● **Dataset**:
++++++++

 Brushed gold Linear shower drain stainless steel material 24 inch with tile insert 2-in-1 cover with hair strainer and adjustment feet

++++++++

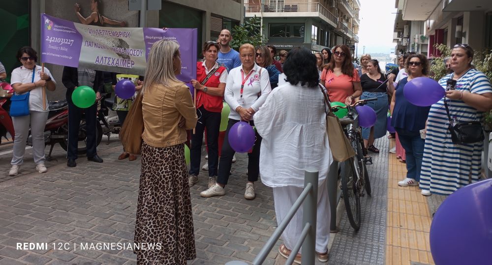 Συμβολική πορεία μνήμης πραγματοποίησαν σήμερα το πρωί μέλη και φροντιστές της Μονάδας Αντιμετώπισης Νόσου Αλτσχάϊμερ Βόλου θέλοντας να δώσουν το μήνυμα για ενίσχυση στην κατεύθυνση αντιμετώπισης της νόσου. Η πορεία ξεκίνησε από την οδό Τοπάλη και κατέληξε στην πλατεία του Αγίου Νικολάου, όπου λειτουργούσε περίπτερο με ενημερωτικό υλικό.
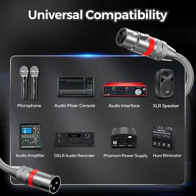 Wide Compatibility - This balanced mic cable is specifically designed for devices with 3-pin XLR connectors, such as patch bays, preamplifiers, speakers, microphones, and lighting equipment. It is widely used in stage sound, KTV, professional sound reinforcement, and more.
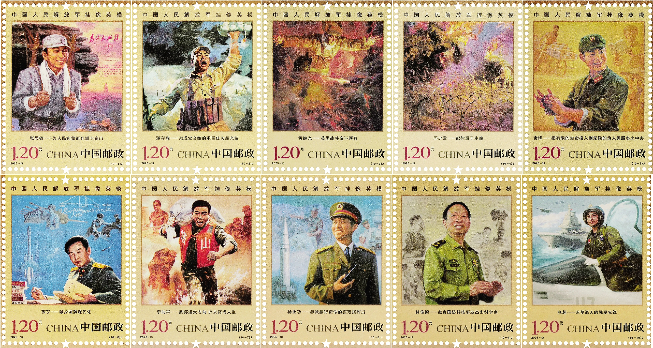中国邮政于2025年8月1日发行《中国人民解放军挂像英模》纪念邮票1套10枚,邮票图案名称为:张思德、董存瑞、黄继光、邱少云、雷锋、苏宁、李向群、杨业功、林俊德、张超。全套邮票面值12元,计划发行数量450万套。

++++++++

● **What you are asked to do**: From the line containing "Wide Compatibility - This" through the line containing "中国邮政于2025年8月1日", copy every line above exactly, without pictures.

● **Output of the exercise**:
 Wide Compatibility - This balanced mic cable is specifically designed for devices with 3-pin XLR connectors, such as patch bays, preamplifiers, speakers, microphones, and lighting equipment. It is widely used in stage sound, KTV, professional sound reinforcement, and more.
中国邮政于2025年8月1日发行《中国人民解放军挂像英模》纪念邮票1套10枚,邮票图案名称为:张思德、董存瑞、黄继光、邱少云、雷锋、苏宁、李向群、杨业功、林俊德、张超。全套邮票面值12元,计划发行数量450万套。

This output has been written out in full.